Seguramente uma hora foi gasta naquilo de amarrar quatro pernas de pau nas perninhas do leitão e fazê-lo equilibrar-se sobre os espeques. Bem que ele esperneou, gritou, como se o estivessem matando com uma faca de ponta bem pontuda. Atraída pelos seus gritos, Tia Nastácia apareceu na porta da cozinha para ver o que era – e quase desmaiou de susto vendo o bandinho lá em cima, pernejando pernilongalmente pelo terreiro.
– Corra, sinhá! – gritou para dentro. – Venha ver o “felómeno” que
aconteceu com a criançada. Está tudo pernilongo!…
Dona Benta apareceu à janela e assombrou-se da habilidade com que seus netos corriam e brincavam sobre pernas daquele comprimento, como se tivessem nascido pernaltas.
– Cuidado! – exclamou ela. – Se um de vocês perde o equilíbrio e vem ao chão, esborracha o nariz para o resto da vida. Mas que ideia foi essa, meninos?
Não houve remédio senão explicar-lhe tudo, mesmo porque Dona Benta e Tia Nastácia tinham também de colocar-se sobre tais pernas quando as onças chegassem.
— Às onças vão atacar o sítio amanhã, vovó, umas cinquenta – disse Pedrinho – e como não temos carabinas com que nos defender, a defesa que achei foi esta.
– Onças?

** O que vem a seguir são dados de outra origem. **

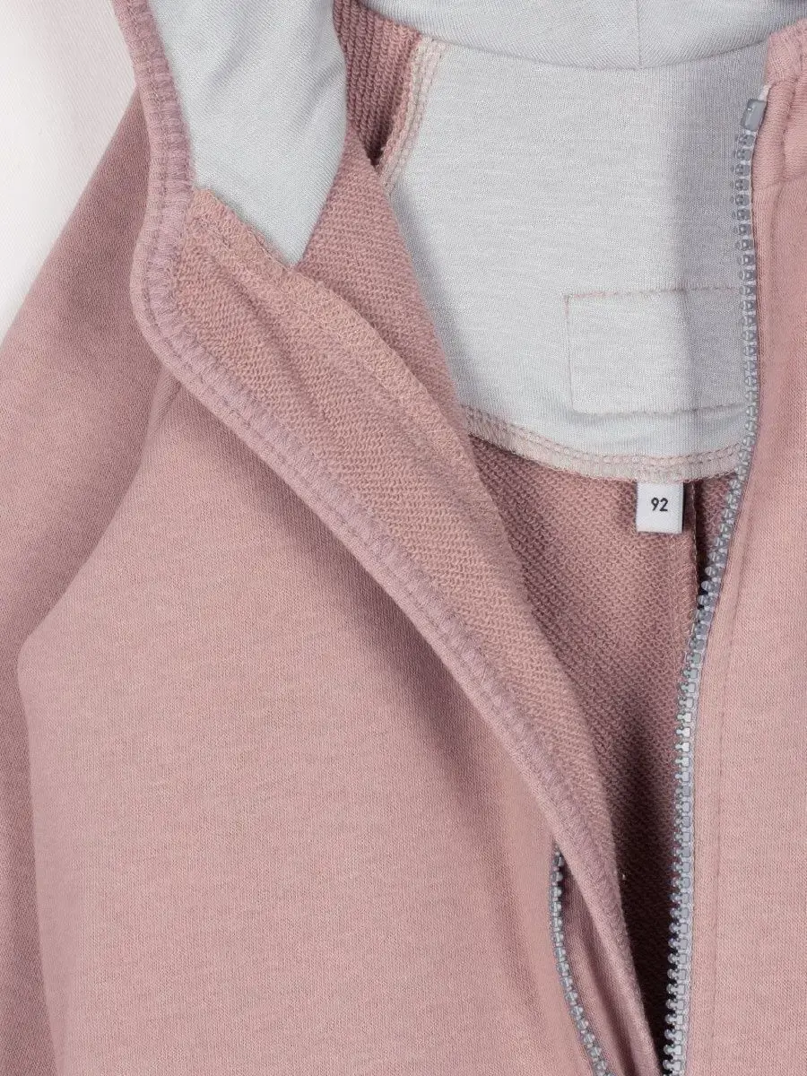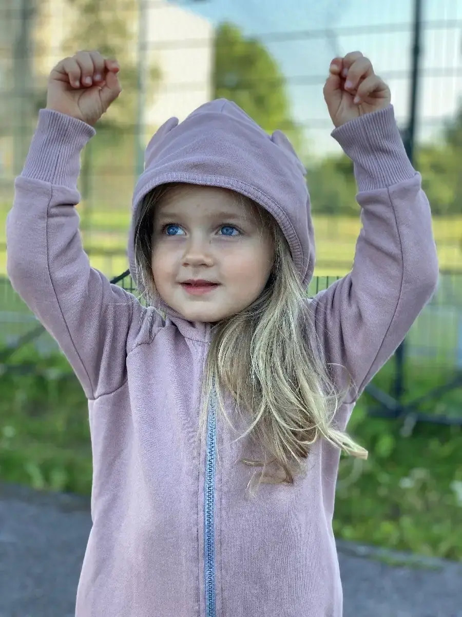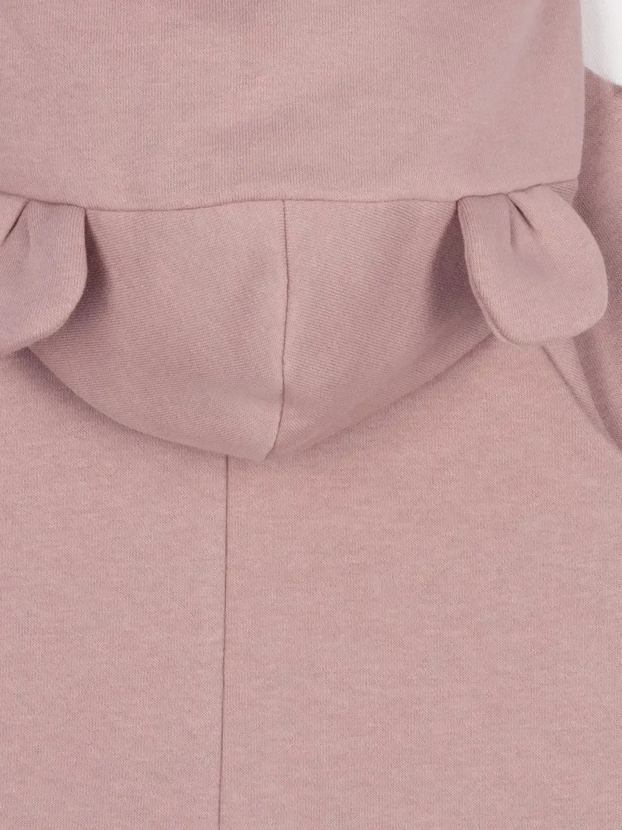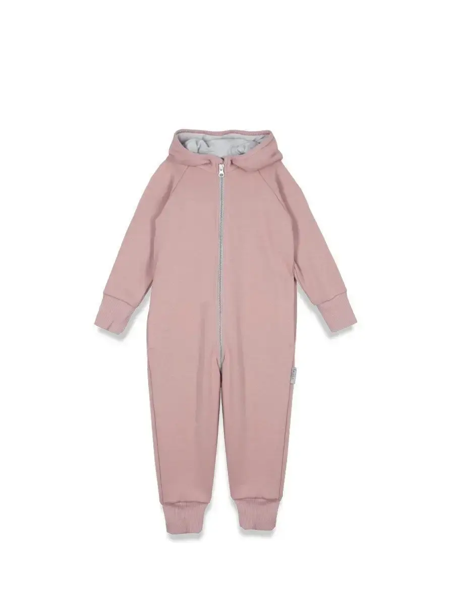 Комбинезон трикотажный детский на молнии из плотного футера для девочек, с втачным капюшоном с ушками, боковые карманы в швах, трикотажные манжеты на рукавах и штанинах с возможностью отворота.

Cinquenta? – repetiu Dona Benta, com os olhos arregaladíssimos.
– Quem contou semelhante coisa?
– Os besouros gêmeos da Emília, vovó – disse Narizinho. – Acabam de nos avisar que as onças, para vingarem a morte da que matamos, organizaram um ataque ao sítio para amanhã.
As duas pobres velhas ficaram na maior aflição do mundo, como era natural. Com semelhantes travessuras, o terrível bandinho acabaria dando cabo delas, não havia dúvida. Tia Nastácia, de olhos arregalados do tamanho de xícaras de chá, até perdeu a fala. Limitava-se a fazer pelo-sinais, um em cima do outro.
– Mas isto não tem propósito, Pedrinho! – ralhou Dona Benta. – Vocês põem-me doida. Onças e logo cin-quen-ta!… Como irei arranjar-me aqui embaixo, sozinha com Tia Nastácia?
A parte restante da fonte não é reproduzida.